Supremo agiu de maneira correta ao não intervir no processo de impedimento da presidente, uma questão política que não será julgada na Justiça comum
Transferido da Justiça para a Advocacia-Geral da União, José Eduardo Cardozo recebeu a tarefa de defender a presidente Dilma no processo de impeachment, e logo compareceu à comissão especial da Câmara formada para apreciar o pedido de impedimento. Lá, foi claro: não deixaria de recorrer à Justiça ao menor sinal, ao seu entendimento, de que direitos de Dilma estivessem sendo malbaratados.Cumpre o que prometeu. Aprovado na comissão o relatório do deputado Jovair Arantes (PTB-GO), a favor do impeachment, Cardozo o desqualificou e recorreu ao Supremo para que a Corte o invalidasse e colocasse a comissão na estaca zero. Como a evidente intenção do governo é ganhar tempo, para tentar obter votos e/ou o compromisso de ausências na votação de plenário, o PCdoB, aliado de Dilma, recorreu à Corte, ao mesmo tempo que Cardozo, contra critério do presidente da Câmara, Eduardo Cunha (PMDB-RJ), para proceder a votação.

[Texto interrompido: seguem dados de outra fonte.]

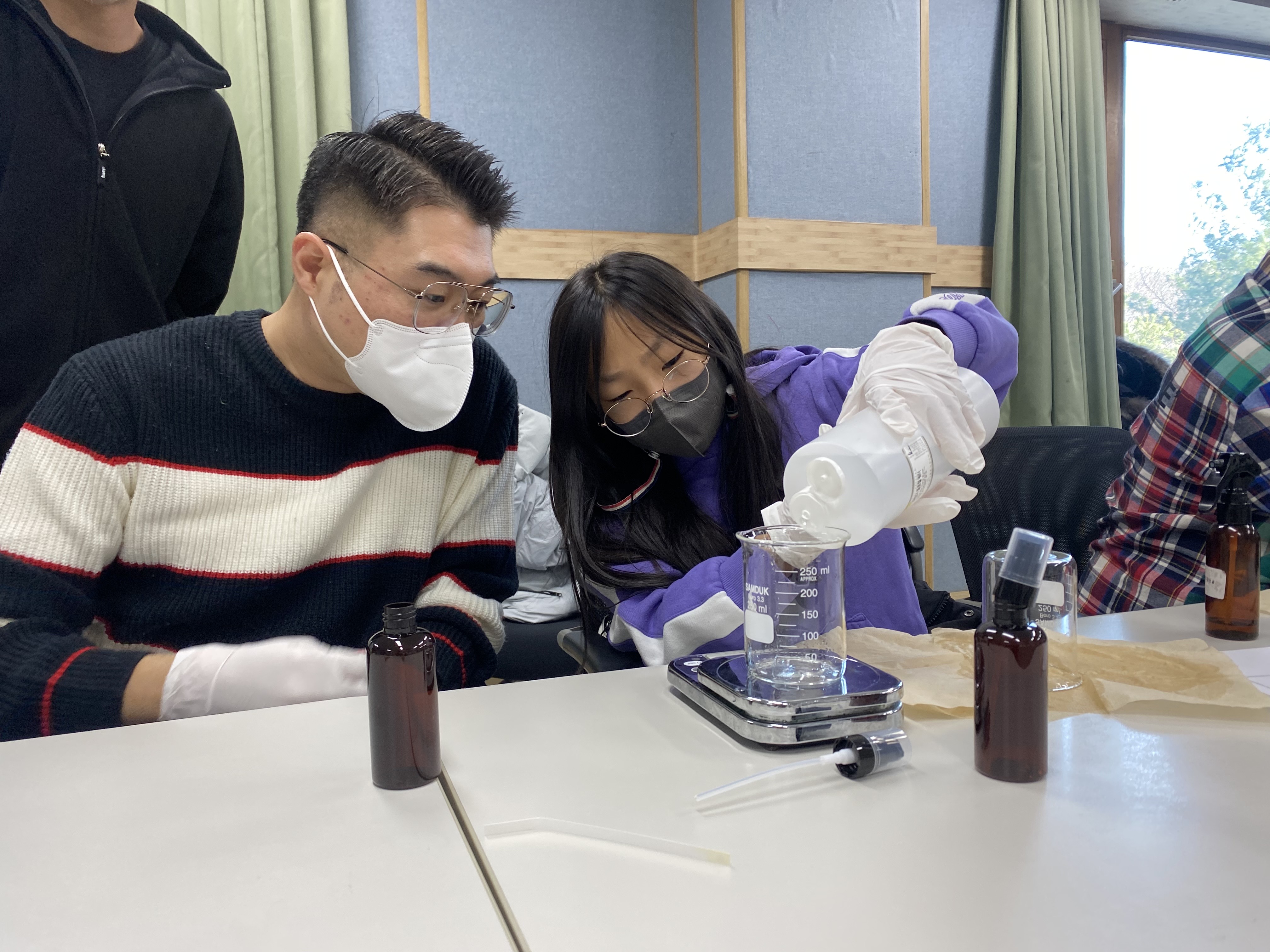 둘씩 짝을지어 핸드크림을 만듭니다.

Cunha estabelecera uma ordem de votação que começaria pelas bancadas dos estados do Sul e do Sudeste — de oposição. Depois, reviu a regra, para haver uma alternância entre regiões, mas ainda assim o tema foi ao plenário da Corte. Com a decisão correta do presidente do STF, ministro Ricardo Lewandowski, de realizar sessão de urgência logo na quinta à noite, os dois blocos de contestações, do advogado-geral da União e do partido, foram avaliados de uma só vez, numa jornada de trabalho que se estendeu até a madrugada de ontem.
O recurso mais importante, da AGU, perdeu por maioria de votos, oito a dois — de um lado, o relator Edson Fachin, Luís Roberto Barroso, Cármen Lúcia, Gilmar Mendes, Celso de Mello, Teori Zavascki, Luís Fux e Rosa Weber; de outro, Lewandowski e Marco Aurélio Mello. Já a última forma estabelecida para a votação foi aprovada. A Corte rejeitou a ideia de Cardozo de que houve cerceamento da defesa e inclusão indevida de outros assuntos no relatório da comissão, além daqueles estabelecidos como o centro do pedido do impedimento: pedaladas fiscais e edição de decretos de despesas, ao largo do Congresso, e em 2015. Não foi aceito.
Ficou perceptível em votos contrários aos pedidos da AGU e do PCdoB o cuidado da maioria da Corte em não intervir em assuntos políticos do Congresso. Afinal, na essência um processo de impeachment é político, embora tenha de, por óbvio, seguir a Constituição e legislações correlatas, além de apresentar argumentos sólidos.